What has been little discussed is the effect of quantity and concentration on the risk assessment conducted by DHS on Top Screen submission information. Since this whole regulatory effort was directed at threat reduction, DHS was of the opinion that making the details of the risk assessment process public would provide potential terrorists with guidance on how to select chemical facilities for attack. What we can safely assume, however, is that the reported concentrations and quantities were an integral part of the risk assessment process.
Potential Changes
Since the COI list would not be used as a regulatory screening tool in the proposed ChemLock upgrade (again ChemLock is and would remain a voluntary program) some changes to the COI list would make things a little less confusing. The first thing that we can do is get rid of the STQ. Since possession of the COI will no longer trigger a reporting requirement, there is no need to set a minimum amount of a COI that a facility has to worry about. Facilities will, however, still be reporting the amount of the COI that they have on hand, so some version of the minimum concentration reporting limit and the existing mixture rules from Appendix A will probably need to be retained to keep reporting consistent for the purposes of risk tiering.
Revising the COI List
This would be a good time to take a look at the current COI list to determine what changes should be made to support the new ChemLock program. The rationale for the current items on the list remains viable. These are the chemicals that if maintained in sufficient quantity in the right (actually wrong) place could be considered a target for action by certain terrorist groups.
Since the whole point for the existing ChemLock program is to provide chemical security assistance to facilities that do not rise to the same level of security risk as those covered by the former CFATS program, it is perhaps time to consider expanding the list of chemical to include those that may be somewhat less hazardous, say for example adding more flammable liquids and gasses with perhaps a flashpoint discriminator. This might be helpful for Safety Act certification purposes if there were to be a minimum risk level for the new Tier 5 that I had proposed in an earlier post.

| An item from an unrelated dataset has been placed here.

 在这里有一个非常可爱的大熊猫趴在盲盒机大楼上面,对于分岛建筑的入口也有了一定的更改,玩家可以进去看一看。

This would also be a good time to reopen the discussion about adding reactive chemicals to the COI list. Just looking at two recent large scale incidents covered by the Chemical Safety Board (the latest one here), it is clear that chemicals like trichloroisocyanuric acid (TCCA) that decompose when exposed to water and/or heat to produce chlorine gas could pose a release threat at facilities that manufacture or store large quantities of TCCA, and thus make them a potential terrorist target.
Moving Forward
It seems clear that even with the death of the CFATS program, the DHS chemicals of interest list could form a valuable part of the upgraded ChemLock program being discussed here. Since the ChemLock program would remain a voluntary chemical security program, there would have to be some modifications made to how the rules provided in Appendix A would be applied to the new program. Further discussion is needed.